Вот МП–танк бы сюда! Тот самый «лангуст», который, когда не надо, шляется по нашим головам, как по бульвару в новых штиблетах. У него броня посущественнее, ее пулеметами не запугаешь…
Я быстренько валюсь обратно за каменные зубцы.
А что? Поступил приказ, я его выполнил, поднял взвод в атаку. И тут же положил, пока нас всех здесь не положили. Принял решение, исходя из конкретной ситуации, как допускает статус младшего командира, согласно армейскому уставу.

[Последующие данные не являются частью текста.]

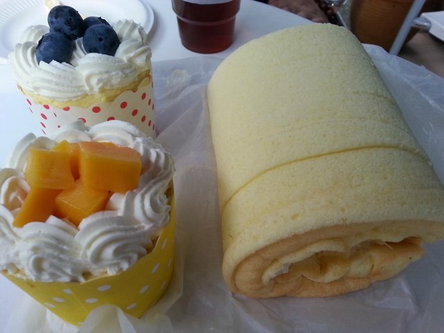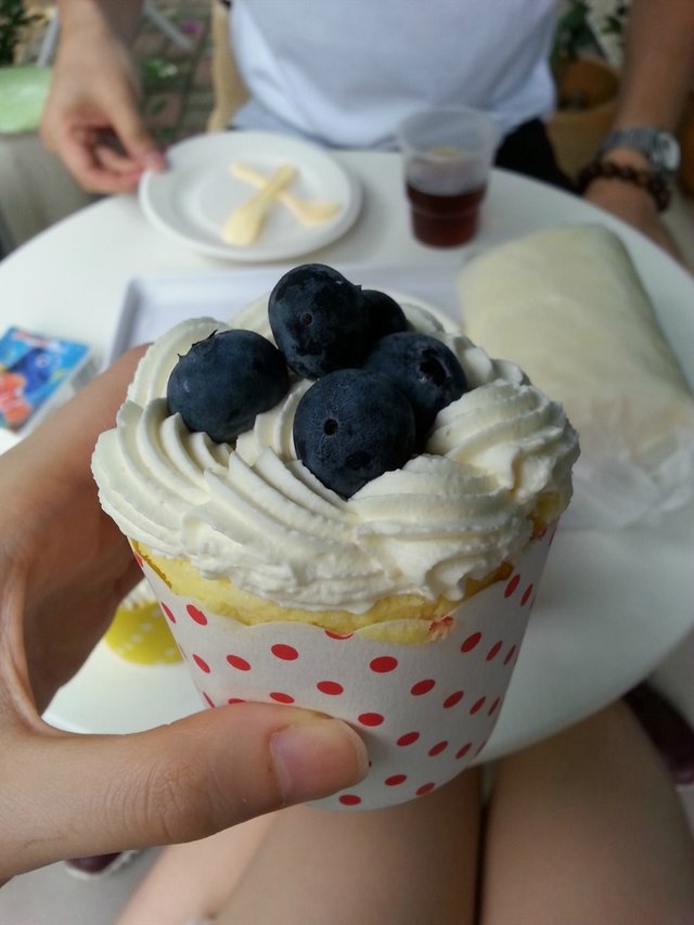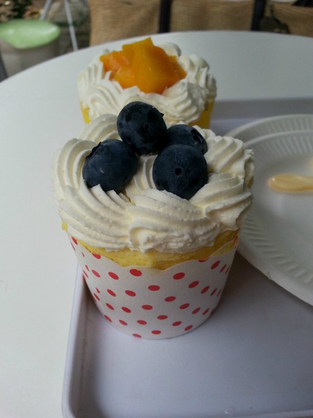 幸好,这里的蛋糕不负所望,味道真不错哦~~我们选了一个蓝莓cupcakes同一个芒果cupcakes~~&一个榴莲手卷
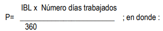 | IBL: | es el Ingreso Base de Liquidación, el cual está constituido por el valor devengado por el trabajador como salario, de acuerdo a la acepción que sobre él se encuentran en el CST., explicada con antelación y el auxilio de transporte en la eventualidad de que el trabajador devengue hasta dos salarios mínimos legales mensuales vigentes. |
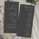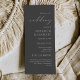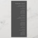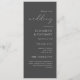 Det här enkla elegant bröllop-programmet har vit text som är anpassad till högerna på en grått-bakgrund med kol. Ord "bröllop" visas i vit handskriftsgrafi med den återstående texten i serif och italic typsnitt
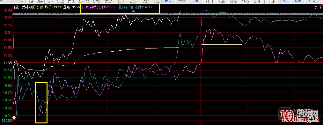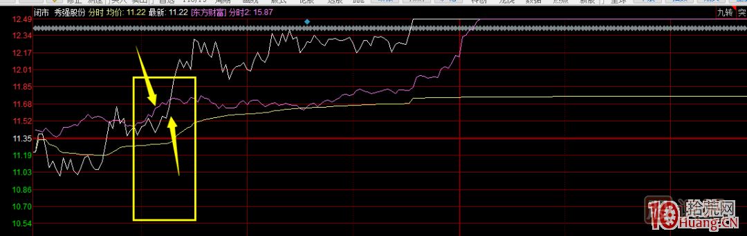 在這個(gè)分時(shí)圖中很清楚,東方財(cái)富先動(dòng),秀強(qiáng)的資金立刻跟上!
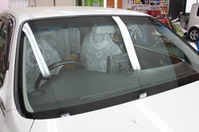 | このように伸びてしまったガラスはやはり当店でも、交換をお勧めしております。 | 今回はお客様と相談させて頂き、出来る限り修理代金をお安くという事で、輸入 のフロントガラスに交換させて頂きました。 | |
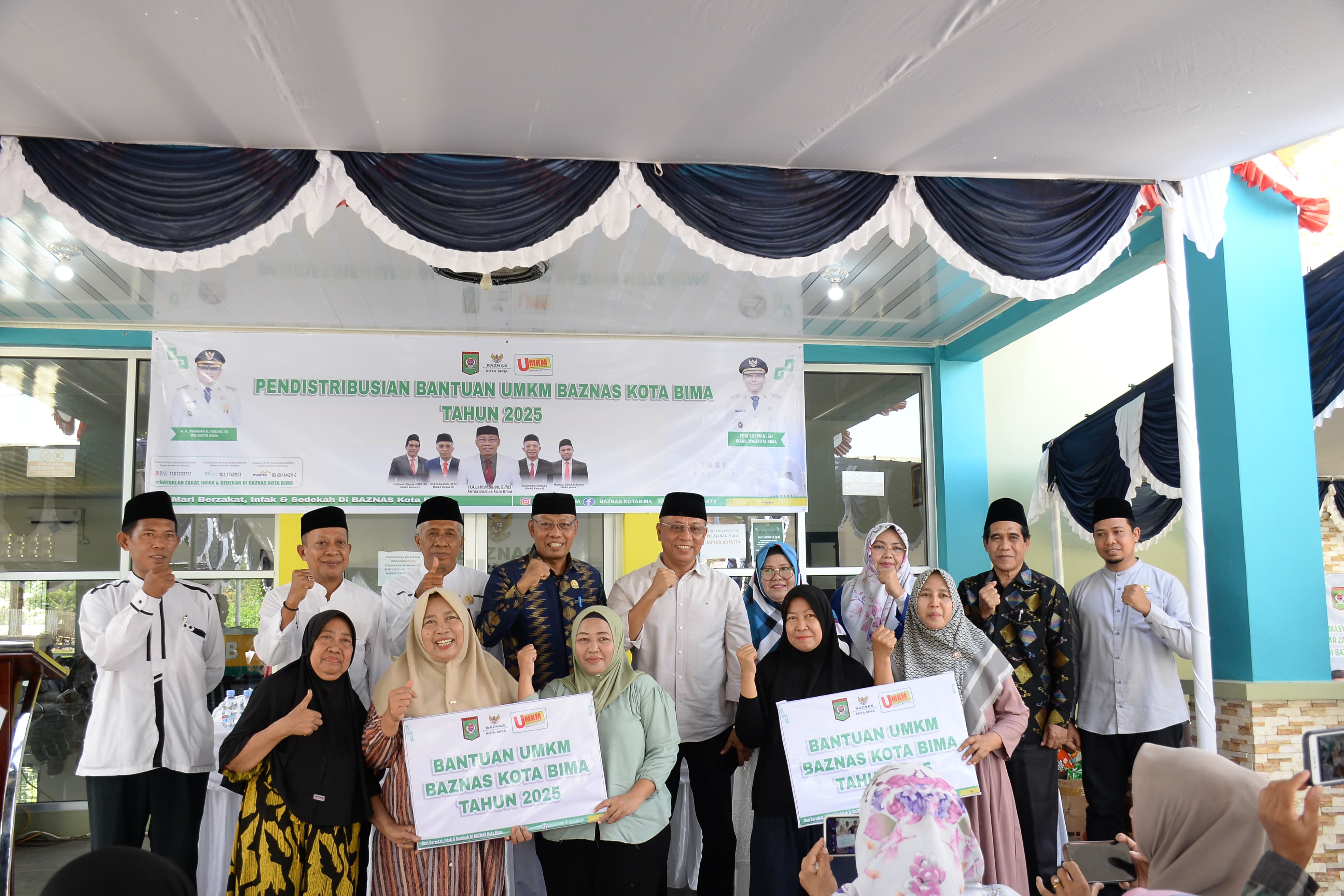 Ketua BAZNAS Kota Bima dalam pengantarnya menjelaskan bahwa sebanyak 150 mustahik menerima bantuan senilai Rp2,5 juta per orang, bersumber dari zakat profesi ASN Kota Bima. Bantuan yang di distribusikan dalam bentuk barang dagangan bagi para pelaku UMKM di Kota Bima.
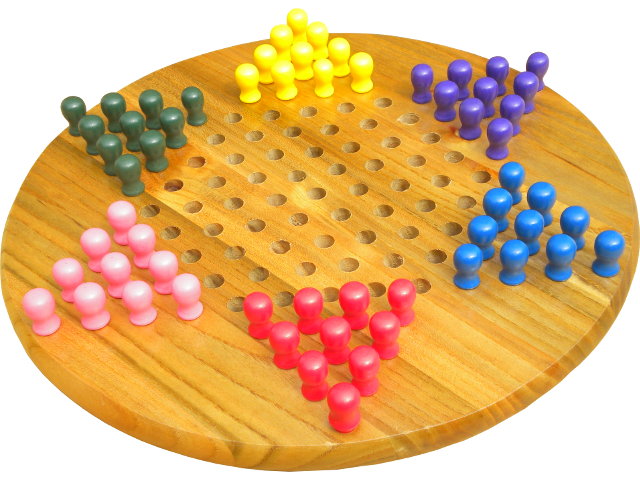 Chinese checkers is a race game for two, three, four or six players. Unlike most race games, performance is dictated completely by skill rather than any luck element. Players race their pieces from their starting positions, across the board to the opposite end. Pieces move to adjacent spaces, but may also jump over one another like in draughts (though without capturing). It is in the construction of long "ladders" of pieces that may be jumped that a player gets ahead in the game.
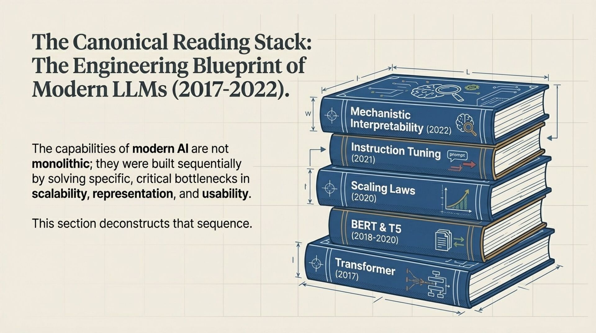 It then builds a canonical “Reading Stack” (2017–2025) as a practical blueprint for modern LLM engineering:
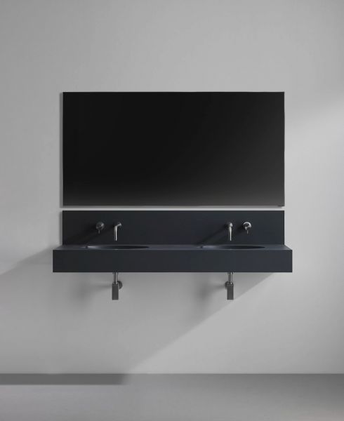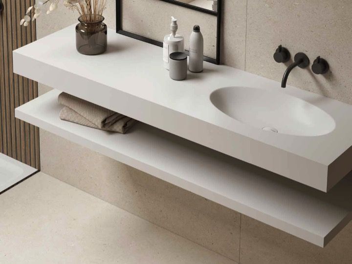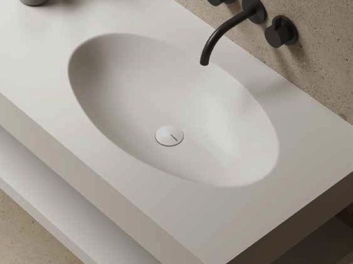 Wastafel met geïntegreerde wastafel, hangend of geplaatst op badkamermeubel, in Akrytan® minerale hars, gladde matte afwerking.

Атака кончается, не начавшись…
– «Ромашки», почему встали? Почему не атакуем?
Голос Дица неистовствует в наушниках, комбат, мягко говоря, недоволен. Очень мягко говоря.
Слышать его – терпения нет. Я отключаю все линии, кроме взводной, пусть будет временный обрыв связи. Может такое быть? Теоретически – все может быть. Самые недоверчивые могут лезть сюда под обстрел и проверять лично.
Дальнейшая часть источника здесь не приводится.